Not quite. There are a number of challenges with test automation that raise the bar on complexity to successfully getting tests to provide us this feedback. For example:

  • How much of the code and it’s branches actually get covered by our tests?
  • How often do tests fail for reasons that aren’t because the code isn’t working?
  • How accurate was our implementation of the test case and criteria as code?
  • Which tests do we absolutely need to run, and which can we skip?
  • How fast can and must these tests run to meet our development cadence?

Jenkins Pipeline to the Rescue…Not So Fast!

Once we identify what kind of feedback we need and match that to our development cadence, it’s time to start writing tests, yes? Well, that’s only part of the process. We still need a reliable way to build/test/package our apps. The more automated this can be, the faster we can get the feedback. A pipeline view of the process begins with code changes, includes building, testing, and packaging the app so we always have a ‘green’ version of our app.

Many teams chose a code-over-configuration approach. The app is code, the tests are code, server setup (via Puppet/Chef and Docker) is code, and not surprisingly, our delivery process is now code too. Everything is code, which lets us extend SCM virtues (versioning, auditing, safe merging, rollback, etc.) to our entire software lifecycle.

Below is an example of ‘process-as-code’ is Jenkins Pipeline script. When a build project is triggered, say when someone pushes code to the repo, Jenkins will execute this script, usually on a build agent. The code gets pulled, the project dependencies get refreshed, a debug version of the app and tests are build, then the unit and UI tests run.

Notice that last step? The ‘Instrumented Tests’ stage is where we run our UI tests, in this case our Espresso test suite using an Android emulator. The sharp spike in code complexity, notwithstanding my own capabilities, reflects reality. I’ve seen a lot of real-world build/test scripts which also reflect the amount of hacks and tweaks that begin to gather around the technologically significant boundary of real sessions and device hardware.

A great walkthrough on how to set up a Jenkinsfile to do some of the nasty business of managing emulator lifecycles can be found on Philosophical Hacker…you know, for light reading on the weekend.

Building a Homegrown UI Test Stack: Virtual Insanity

We have lots of great technologies at our disposal. In theory, we could use Docker, the Android SDK, Espresso, and Appium to build reusable, dynamic nodes that can build, test, and package our app dynamically.

Unfortunately, in practice, the user interface portion of our app requires hardware resources that simply can’t be executed in a timely manner in this stack. Interactive user sessions are a lot of overhead, even virtualized, and virtualization is never perfect.

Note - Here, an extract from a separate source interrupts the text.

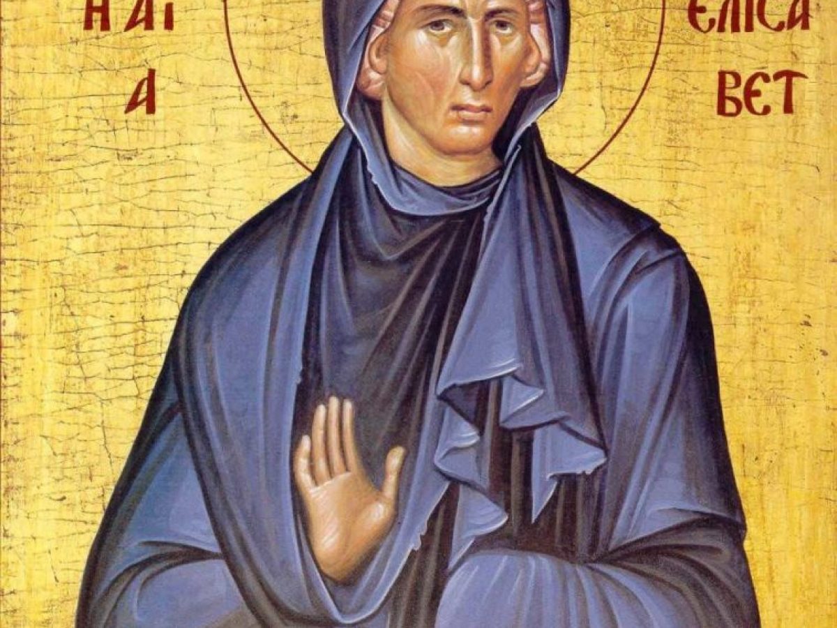 Κύλησαν από τον θάνατο της μητέρας τρία χρόνια κι ο Ευνομιανός, ο πατέρας της, έφυγε απ’ αύτή τη ζωή χαρούμενος προς τον Κύριο. Η μακαρία Ελισάβετ απόμεινε ορφανή. Όμως αμέσως δόθηκε με απόλυτη εμπιστοσύνη στον Θεό, τον πατέρα των ορφανών. Λαχτάρησε τον μοναχικό και ακτήμονα βίο. Γι’ αυτό το χρυσάφι και το ασήμι, που γι’ αυτήν είχαν αποθησαυρίσει οι γονείς της, και την άλλη της περιουσία, πού ήταν αξιόλογη, μοίρασε στους φτωχούς και με τα χέρια των φτωχών την κατέθεσε στον Θεό. Στους δούλους πάλι και στις δούλες της χάρισε την ελευθερία τους.Μέσα σε μικρό χρονικό διάστημα πέτυχε κάθε είδος αρετής και γέμισε με όλα τα χαρίσματα του Πνεύματος. Με μακροχρόνιες νηστείες δουλαγωγούσε τό σώμα της και το τυραννούσε, όπως ο μέγας Μωυσής κι ο Θεσβίτης Ηλίας. Έμενε δίχως να φάει πολλές φορές σαράντα ολόκληρες μέρες, ενώ ποτέ δεν έβαζε στο στόμα της λάδι, αλλά τρεφόταν μόνο με τον ζωντανό και επουράνιο άρτο. Κι όσο συνεχώς στολιζόταν με την ταπείνωση που εξυψώνει, και με τα μάτια της καρδιάς ατένιζε νοερά τη θεϊκή ομορφιά, τόσο δεν ήθελε ούτε και στο ελάχιστο να υψώσει τα μάτια της προς τον ουρανό, ώστε περισσότερο από τρισήμιση χρόνια είχε στραμμένο το βλέμμα της στη γη, χωρίς ούτε μια φορά να το σηκώσει προς τον ουρανό. Την ακτημοσύνη τη θεωρούσε σαν τον μεγαλύτερο πλούτο και γι’ αυτό την αγαπούσε εξαιρετικά. Είχε πάντοτε ένα μόνο χιτώνα φορώντας στολή αφθαρσίας, που με την απάθειά της είχε γι’ αυτήν υφανθεί απ’ τον Θεό. Κι όπως η ψυχή της καιγόταν από τον θεϊκό έρωτα, δεχόταν με ευκολία την παγωνιά του χειμώνα κι είχε γυμνά τα πόδια της από υποδήματα, έτσι ωραία καθώς πορευόταν προς το βραβείο της ουράνιας πρόσκλησης. Το σώμα της ποτέ δεν δέχτηκε να το πλύνει με θερμό νερό. Το διατηρούσε όμως καθαρό λούζοντάς το κάθε μέρα, όπως το λέει ο ψαλμωδός, με τις αστείρευτες πηγές των δακρύων της3. Και καθαρίζοντάς το από κάθε βρωμιά, καλλιεργούσε την ψυχή της έτσι, που νάχει όψη θεϊκή.Απ’ αυτό το γεγονός κι έπειτα γεμάτη από αισιοδοξία και σαν να πήρε κάποια σίγουρη πληροφορία ότι μπορεί με του Θεού τη δύναμη να νικήσει και τον νοητό, όπως και τον αισθητό δράκοντα, άρχισε με θάρρος να κάνει θαύματα.Αλλά και πολλές άλλες γυναίκες που πέθαιναν από την ίδια ασθένεια της αιμορραγίας έρχονταν σ’ αυτήν με ολόψυχη πίστη και τις θεράπευε σταματώντας μ’ ένα παρόμοιο τρόπο την αιμορραγία. Μαζί μ’ αυτές και κάποιος άνδρας εκ γενετής τυφλός, όταν άκουσε για τα θαύματα της οσίας, έρχεται σ’ αυτήν χειραγωγούμενος από άλλους. «Σπλαχνίσου με», έλεγε, «πιστή μαθήτρια του Θεού, και άνοιξέ μου τα μάτια για να δω το γλυκό φως και να δοξάσω με τη μεσιτεία σου τον Δημιουργό όλου του κόσμου». Λυγίζει η οσία από φιλανθρωπία στους θρήνους του και χωρίς να βραδύνει υψώνει ικετευτικά τα χέρια της στον ουρανό, παίρνει λάδι του αγίου, αλείφει τα μάτια του τυφλού και σε επτά ημέρες τον κάνει να βλέπει καθαρώτατα, ενώ εκείνος μεγαλόφωνα δόξαζε τον Θεό.Ενώ προσευχόταν, παρουσιάζεται κάποια γυναίκα σαν νάταν από εκείνες τις ξακουστές κι αρχόντισσες της πόλης. Την αγκαλιάζει με αγάπη αληθινή, την ασπάζεται και της λέει. «Καλώς ήρθες πολυαγαπημένη μητέρα». Και η οσία της λέει. «Ποια είμαι εγώ κυρία μου, η άσημη ξένη, που έτσι με τόση χαρά μ’ αγκάλιασες και με φίλησες, εμένα που ποτέ δεν με έχεις δει;». Εκείνη πάλι είπε. «Πριν συλληφθείς στην κοιλιά της μητέρας σου, κατοικώντας εδώ σε γνωρίζω. Αν θ

Docker runs under either a hyperkit (lightweight virtualization layer on Mac) or within a VirtualBox host, but neither of these solutions support nested virtualization and neither can pass raw access to the host machine’s VTX instruction set through to containers.

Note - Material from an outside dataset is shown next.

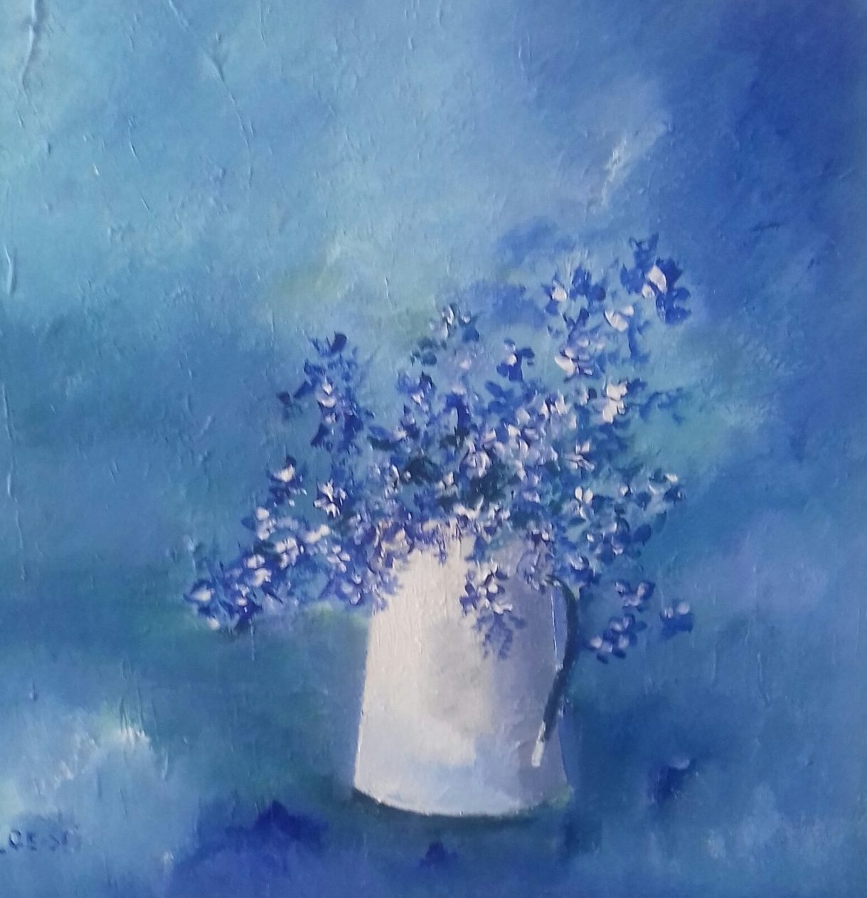 Een globale impressie van het schilderij "Kan met vergeet me nietjes" 60x60cm.

What’s left for containers is a virtualized CPU that doesn’t support the basic specs that the Android emulator needs to use host GPU, requiring us to run ‘qemu’ and ARM images instead of native x86/64 AVD-based images. This makes timely spin-up and execution of Appium tests so slow that it renders the solution infeasible.

Alternative #1: Containerized Appium w/ Connection to ADB Device Host

Since we can’t feasibly keep emulation in the same container as the Jenkins build node, we need to split out the emulators to host-level hardware assisted virtualization. This approach also has the added benefit of reducing the dependencies and compound issues that can occur in a single container running the whole stack, making process issues easier to pinpoint if/when they arise.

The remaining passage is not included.